Publications by authors named "L Bruckers"

116 Publications

Improving IUI success by performing modified slow-release insemination and a patient-centred approach in an insemination programme with partner semen: a prospective cohort study.

Facts Views Vis Obgyn 2021 Dec;13(4):359-367

Background: Pregnancy rates after in vitro fertilisation (IVF) treatment continue to improve, while intrauterine insemination (IUI) programmes show no such trend. There is a need to improve success rates with IUI to retain it as a viable option for couples who prefer avoiding IVF as a first line treatment.

Objective: To investigate if a modified slow-release insemination (SRI) increases the clinical pregnancy rate (CPR) after intrauterine insemination (IUI) with partner semen.
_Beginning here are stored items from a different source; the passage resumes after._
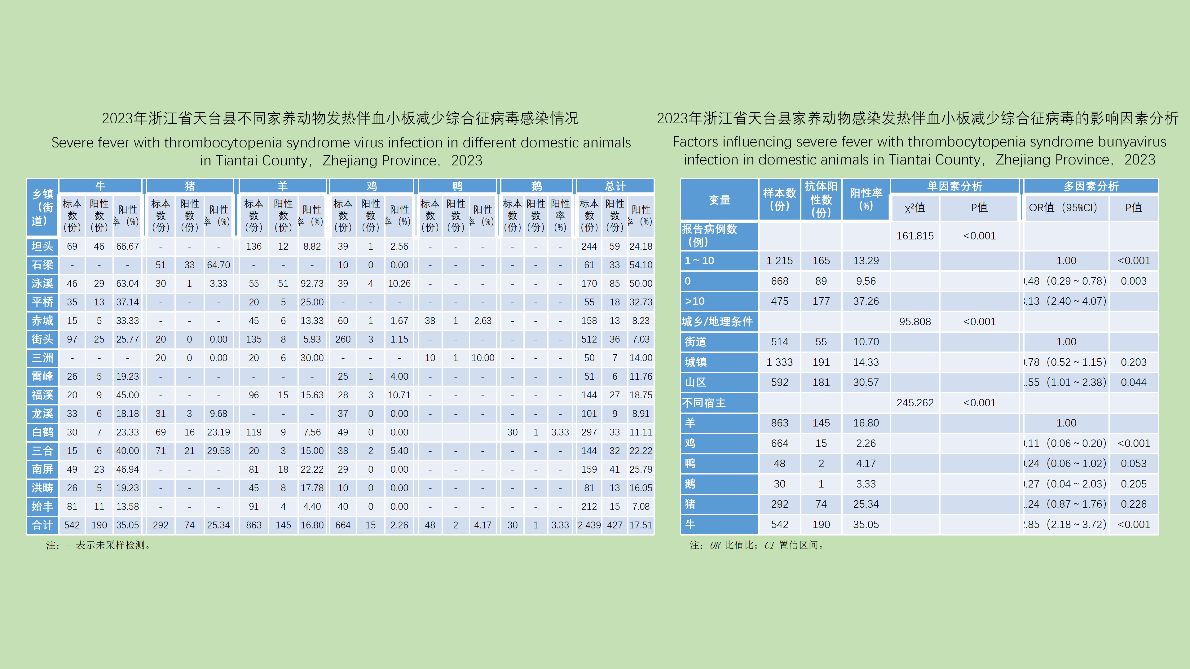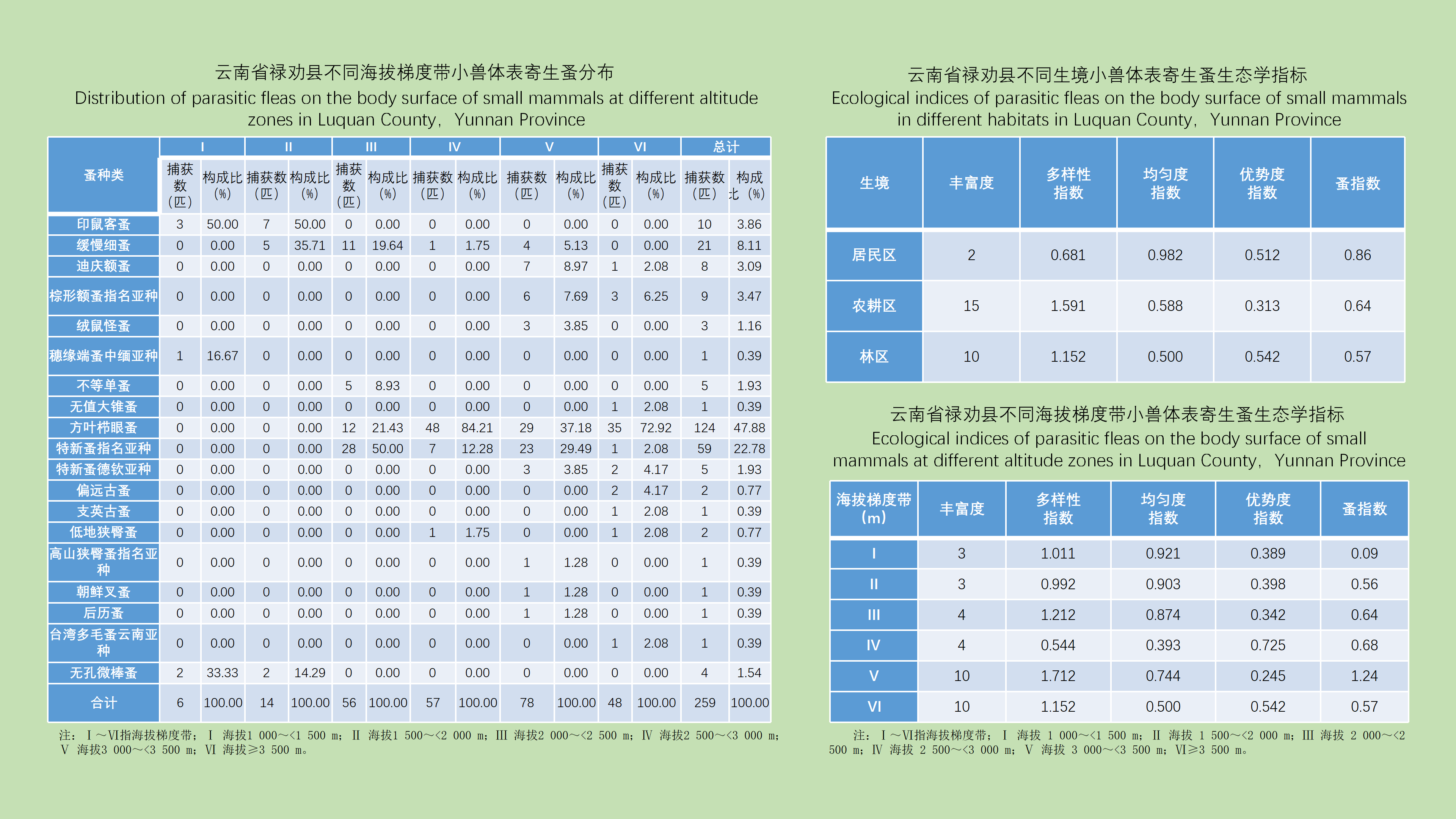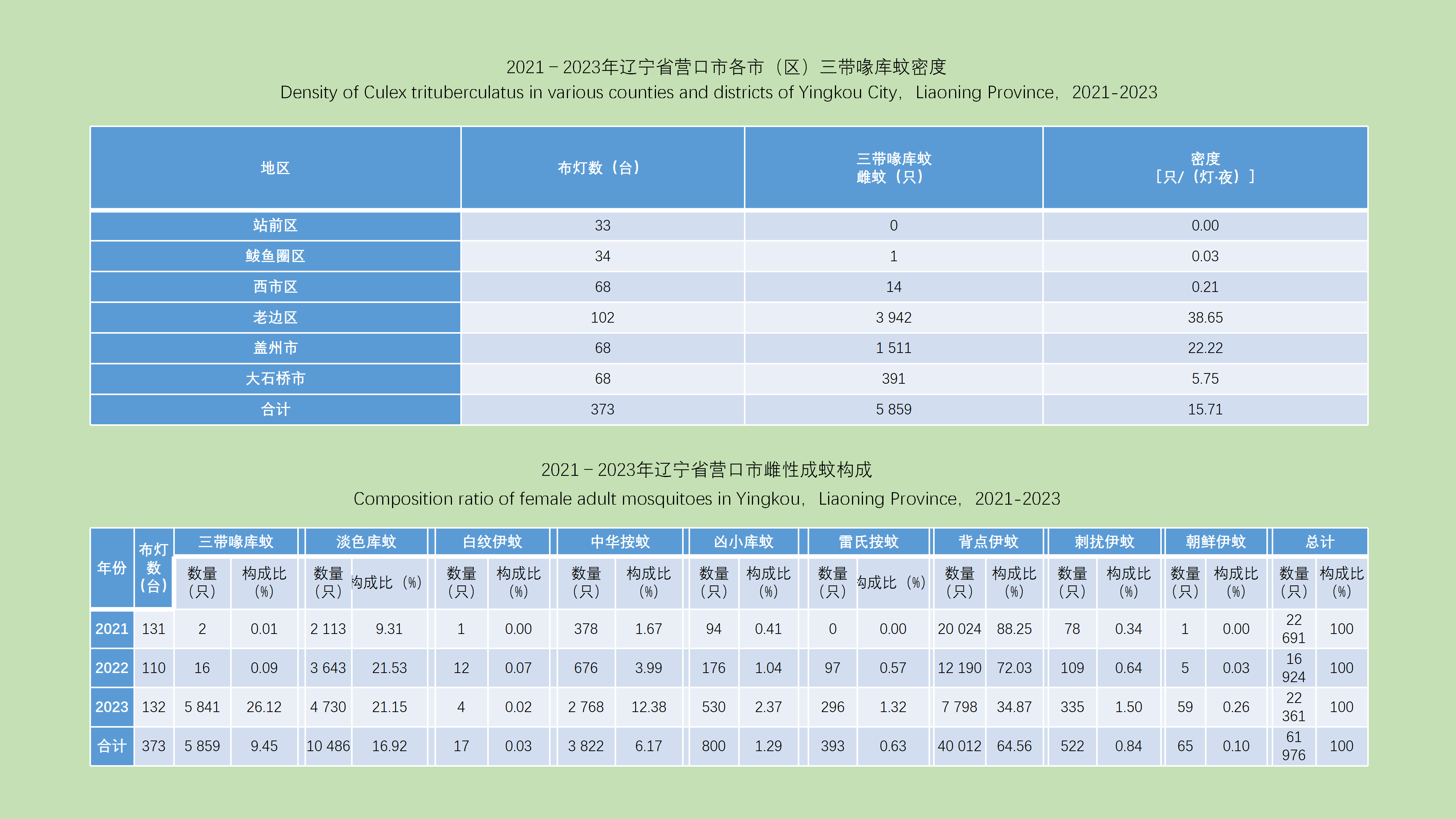 目的: 分析上海市成蚊生态学监测数据,了解上海市蚊虫种群结构与时空分布特征,为蚊虫和蚊媒传染病风险预警提供依据。方法: 2017-2023年采用CO2诱蚊灯法监测蚊虫,共收集上海市16个区不同监测生境的监测数据,利用Python 3.11软件对不同年度、不同生境蚊种构成进行χ2检验,对不同年度、不同蚊种、不同生境蚊密度月度变化进行多配对样本的Friedman检验分析,用ArcGIS Pro 3.0软件进行绘图。结果: 2017-2023年上海市蚊密度为4.86只/(灯·夜),淡色库蚊、白纹伊蚊、三带喙库蚊、骚扰阿蚊、中华按蚊分别占捕获总数的76.99%、14.40%、6.13%、1.91%和0.57%;蚊密度呈先降低再升高趋势,不同年度蚊种构成差异有统计学意义(χ2=6 300.543,P < 0.001)。学校、工地、牲畜棚蚊密度最高,分别为12.10、11.46和8.30只/(灯·夜),不同生境蚊种构成差异有统计学意义(χ2=26 258.065,P < 0.001)。5月下旬至9月上旬为蚊虫高峰期,在季节消长上,不同年度、蚊种、生境蚊密度季节消长差异有统计学意义(均P < 0.001)。各区平均蚊密度差异较大,蚊密度最高的为徐汇区,最低的为长宁区。不同蚊种在不同区分布差异较大,淡色库蚊构成比在杨浦区(89.29%)最高,三带喙库蚊构成比在金山区(33.06%)最高,骚扰阿蚊构成比在崇明区(7.17%)最高,中华按蚊构成比在嘉定区(1.57%)最高,白纹伊蚊构成比在黄浦区(57.16%)最高。结论: 上海市各区蚊密度和蚊种构成差异较大,应因地制宜,制定相应的监测和防控策略。5月下旬至9月上旬为蚊虫高峰期,应加强防蚊和灭蚊。
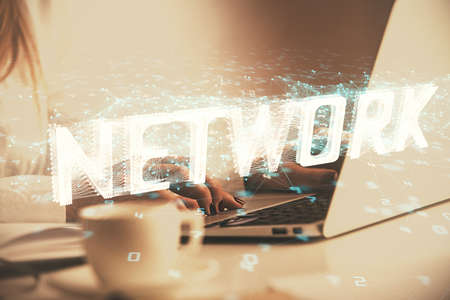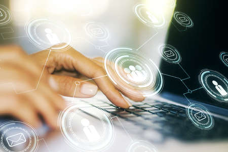 Social network concept with hands typing on laptop on background. Multiexposure
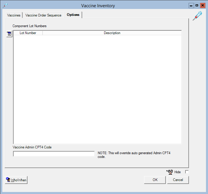 Note: An alternative option for entering Vaccine Admin codes is to add the CPT code to the vaccine inventory entry. This setup works best if you have different lot numbers for doses. Within the inventory entry in the Vaccine Inventory Master File, the Options tab allows for a default Vaccine Admin CPT4 code to be linked, which overrides the system defaults for the Immunization module.
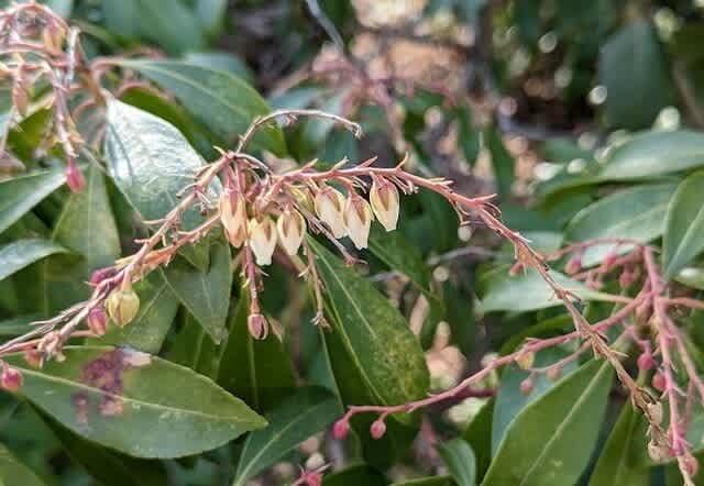 蕾ばかりの中に花を付けたアセビ発見。
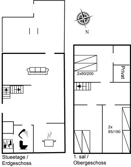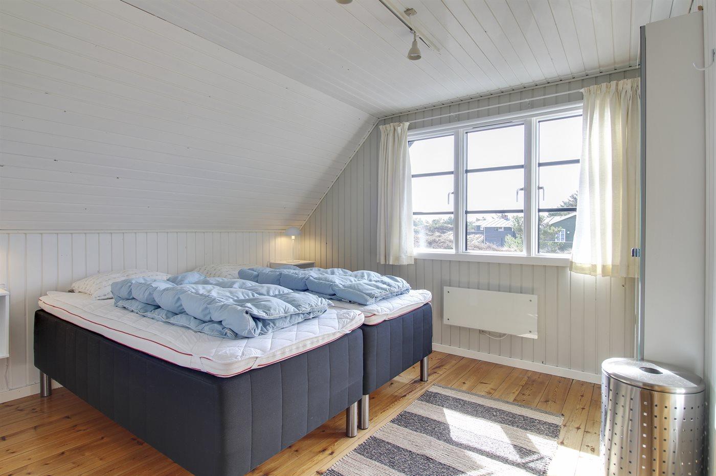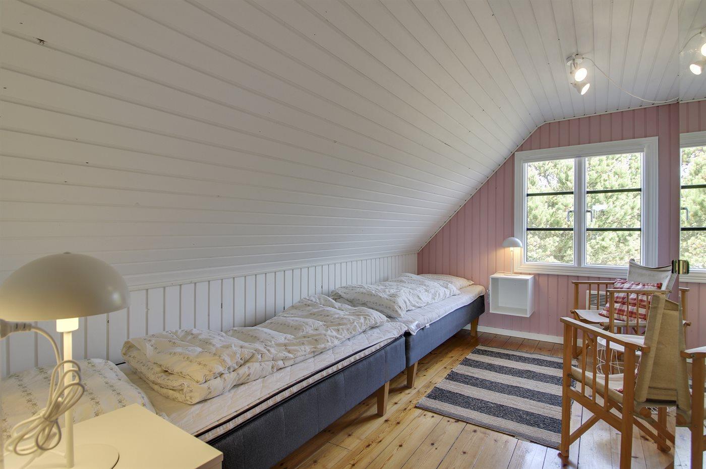 På 1. sal, hvor gulvene er af massive fyrtræsplanker, er der et dejligt arbejdsbord på den åbne repos og 3 soveværelser. 2 soveværelser med dobbeltseng til 2 personer og 1 soveværelse med 2 enkeltsenge.

Materials And Methods: This was a prospective cohort study in a Belgian tertiary fertility centre. Between July 2011 and December 2018, we studied data from an ongoing prospective cohort study including 989 women undergoing 2565 IUI procedures for unexplained or mild/moderate male infertility. These data were analysed in order to study the importance of different covariates influencing IUI success. Generalised estimating equations (GEEs) were used for statistical analysis. Results of two periods (2011-2015, period 1 and 2016-2018, period 2) were examined and compared. From January 2016 (period 2) onwards, a standardised SRI procedure instead of bolus injection of sperm was applied. The primary outcome parameter was the difference in clinical pregnancy rate (CPR) per cycle between period 1 (bolus IUI) and period 2 (modified SRI). Secondary outcome results included all other parameters significantly influencing CPR after IUI.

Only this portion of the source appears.